08 septiembre 2007

La chica del autobús

Tenemos el mismo horario laboral y trabajamos por la misma zona. Me la encuentro, día sí día también, en la parada del autobús de la EMT que nos lleva a nuestras respectivas ocupaciones. Es raro el día que no la veo.

La verdad es que tardé bastante tiempo en fijarme en ella, no suelo ser muy observador a las ocho de la mañana (imbuido en mis pensamientos, mis mp3 y mi radio suelo ir bastante despistado) pero poco a poco me dí cuenta que coincidíamos todos los días y comencé a prestarle algo más de atención.



Es atractiva, no puedo negarlo (aunque ese detalle, que de manera natural ayudaría a fijar atenciones, no es importante en este caso). Con el tiempo me sabía de memoria su fondo de armario y jugaba a adivinar, en función de su vestimenta, su maquillaje, su comunicación corporal y su cara (que es el espejo del alma), su estado de ánimo. Hoy está contenta. Hoy tiene un mal día. Hoy ha tenido bronca en casa. Hoy desborda vitalidad.

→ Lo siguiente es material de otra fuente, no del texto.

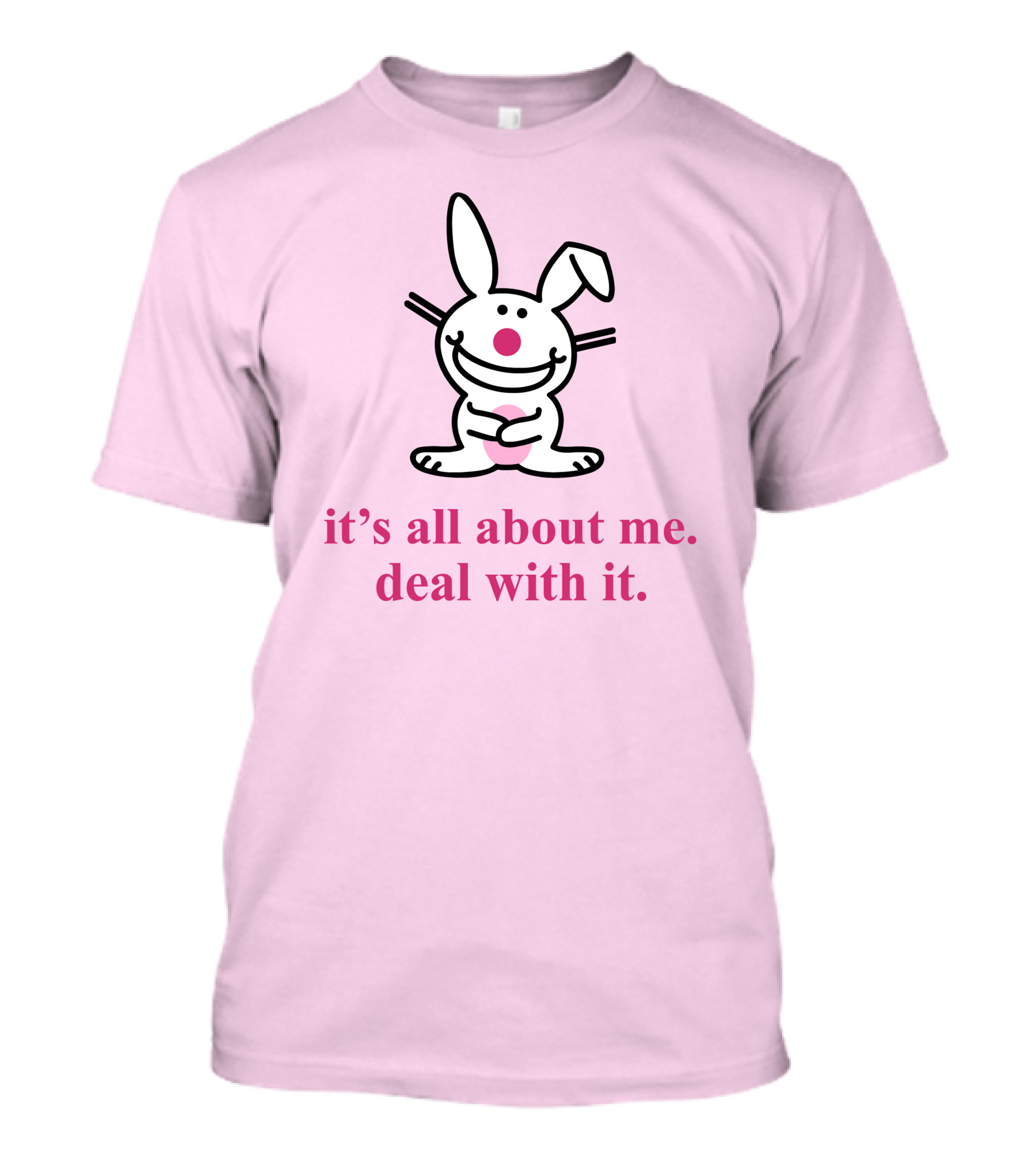 The Emtlina It's All About Me Deal With It Bunny Pink Background T-shirt is designed for everyday wear and a consistent fit. Fabric is pre-shrunk ring-spun cotton with durable stitching. See the size chart below for exact measurements.

Últimamente ella también me mira a mí, no se si porque observar a otra persona se nota por muy de refilón que lo hagas, o porque está tan aburrida como lo estoy yo y también observa. Me pregunto que estará pensando esos diez minutos que tarda el trayecto y resuelvo que seguramente en cosas muy parecidas a las que pienso yo, en su chico, en su inaguantable jefe, en las vacaciones, en que tiene que cambiar los muebles del salón, en la hipoteca o el alquiler, en la compra, en sus infelicidades y sus metas, en la vida en definitiva. Incluso, rizando el rizo, podría pensar, aunque fuera por un segundo, en como sería la vida de ese gordinflón con chaqueta talla 60 y corbata horrible que se sienta todos los días en el fondo del autobús y de vez en cuando la mira.

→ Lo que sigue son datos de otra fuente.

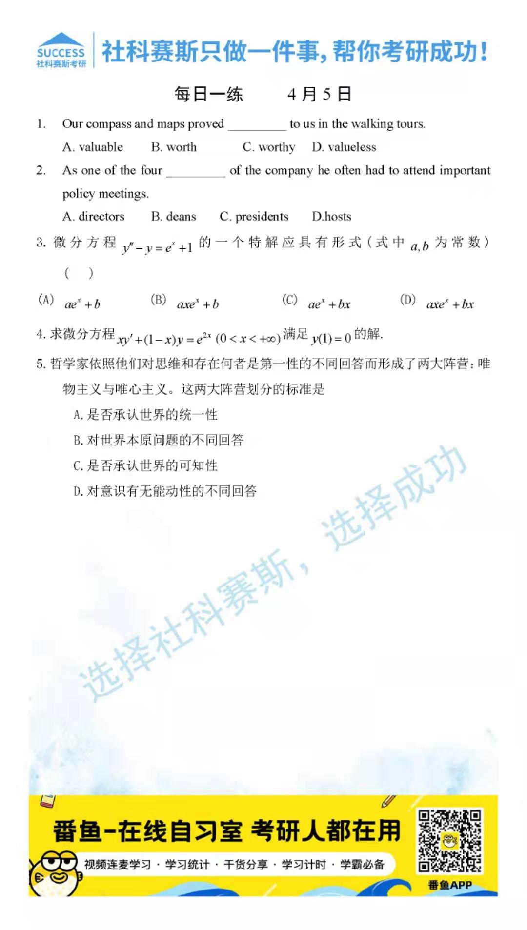 考研是一場持久戰(zhàn),保持良好的學(xué)習(xí)習(xí)慣,是能確保復(fù)習(xí)高效的關(guān)鍵。今天社科賽斯考研網(wǎng)小編整理了“2022考研每日一練:4月5日管理類聯(lián)考每日一練及答案”的內(nèi)容,希望能對廣大考生有所幫助。

Ni por un momento se me ha ocurrido ir un poco más allá. Ni aguantar miradas, ni sonrisitas, ni mucho menos propiciar un acercamiento que acabe en conversación. Básicamente por dos razones, porque uno ya esta mayor para ir de ligoncete de autobús de cuarta y ya tengo cubierta la necesidad afectiva maslowediana con la Sra. Bedel (además con lo adefesio que soy, ni siquiera me lo planteo, me daría calabazas ipsofactamente que diría un amigo mío) y, sobre todo, porque se perdería el halo de misterio, esa especie de magnetismo que surge cuando ambos coincidimos y comenzamos ese juego de imaginaciones mutuas, esa comunicación telepática efímera y rutinaria a la vez, que se repite todos los días pero que todos los días es diferente, interesante, atractiva.

Nunca hablaré con ella. Nunca sabré su nombre. Ella tampoco el mío. Un día quizás no la volveré a ver más, pero siempre será la chica del autobús.